• RECORDS TO USE:
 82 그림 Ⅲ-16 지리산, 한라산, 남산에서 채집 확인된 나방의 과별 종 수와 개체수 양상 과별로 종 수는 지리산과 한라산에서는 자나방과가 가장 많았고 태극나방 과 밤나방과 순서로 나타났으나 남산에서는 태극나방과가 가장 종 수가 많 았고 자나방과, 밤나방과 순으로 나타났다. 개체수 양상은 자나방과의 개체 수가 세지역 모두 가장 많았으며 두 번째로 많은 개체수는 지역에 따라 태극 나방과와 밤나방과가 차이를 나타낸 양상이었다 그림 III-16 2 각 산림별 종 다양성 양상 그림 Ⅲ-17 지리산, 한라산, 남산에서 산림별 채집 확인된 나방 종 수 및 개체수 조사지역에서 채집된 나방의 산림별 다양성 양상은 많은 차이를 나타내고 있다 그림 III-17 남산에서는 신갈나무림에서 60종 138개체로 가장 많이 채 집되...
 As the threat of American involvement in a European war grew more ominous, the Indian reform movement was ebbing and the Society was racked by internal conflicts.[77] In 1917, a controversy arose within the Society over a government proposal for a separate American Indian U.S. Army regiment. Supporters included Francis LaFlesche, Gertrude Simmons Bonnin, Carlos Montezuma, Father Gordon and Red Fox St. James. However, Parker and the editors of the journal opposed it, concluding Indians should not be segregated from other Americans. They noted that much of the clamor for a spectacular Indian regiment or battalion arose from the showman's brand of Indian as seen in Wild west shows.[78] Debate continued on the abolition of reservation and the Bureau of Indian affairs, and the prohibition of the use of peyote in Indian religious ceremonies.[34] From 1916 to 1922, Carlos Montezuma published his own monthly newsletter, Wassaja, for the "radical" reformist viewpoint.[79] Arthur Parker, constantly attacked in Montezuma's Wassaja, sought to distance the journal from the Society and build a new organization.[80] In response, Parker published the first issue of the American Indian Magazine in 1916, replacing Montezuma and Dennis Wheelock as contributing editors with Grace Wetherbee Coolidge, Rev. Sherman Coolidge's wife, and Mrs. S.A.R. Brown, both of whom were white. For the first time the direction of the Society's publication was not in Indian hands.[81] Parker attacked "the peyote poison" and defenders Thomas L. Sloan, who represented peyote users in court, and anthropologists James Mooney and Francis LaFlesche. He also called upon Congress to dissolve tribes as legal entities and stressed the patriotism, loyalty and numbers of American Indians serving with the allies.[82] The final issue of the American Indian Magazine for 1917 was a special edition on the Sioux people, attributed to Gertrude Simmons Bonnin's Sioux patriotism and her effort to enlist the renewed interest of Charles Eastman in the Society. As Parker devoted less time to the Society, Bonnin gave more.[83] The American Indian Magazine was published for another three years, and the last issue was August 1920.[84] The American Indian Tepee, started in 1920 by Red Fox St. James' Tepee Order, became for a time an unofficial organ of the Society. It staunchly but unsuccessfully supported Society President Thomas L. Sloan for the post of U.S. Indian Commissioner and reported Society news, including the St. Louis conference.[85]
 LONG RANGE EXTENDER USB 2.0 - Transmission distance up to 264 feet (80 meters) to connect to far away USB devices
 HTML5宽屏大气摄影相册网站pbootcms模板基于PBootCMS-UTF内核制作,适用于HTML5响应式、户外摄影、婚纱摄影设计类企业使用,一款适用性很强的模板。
...
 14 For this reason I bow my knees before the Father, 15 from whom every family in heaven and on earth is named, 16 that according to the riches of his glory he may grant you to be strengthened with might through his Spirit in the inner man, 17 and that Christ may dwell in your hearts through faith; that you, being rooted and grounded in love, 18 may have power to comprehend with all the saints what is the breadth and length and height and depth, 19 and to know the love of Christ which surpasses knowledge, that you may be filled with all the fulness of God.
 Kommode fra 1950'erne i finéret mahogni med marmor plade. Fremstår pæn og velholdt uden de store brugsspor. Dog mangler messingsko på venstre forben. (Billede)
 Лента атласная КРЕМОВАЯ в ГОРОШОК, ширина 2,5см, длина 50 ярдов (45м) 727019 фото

• EXERCISE DESCRIPTION:
Taking the entries above, restate exactly those lines that fall between the line with "LONG RANGE EXTENDER" and the line with "HTML5宽屏大气摄影相册网", keeping both of those lines too.

• SOLUTION FOR THIS PROBLEM:
 LONG RANGE EXTENDER USB 2.0 - Transmission distance up to 264 feet (80 meters) to connect to far away USB devices
 HTML5宽屏大气摄影相册网站pbootcms模板基于PBootCMS-UTF内核制作,适用于HTML5响应式、户外摄影、婚纱摄影设计类企业使用,一款适用性很强的模板。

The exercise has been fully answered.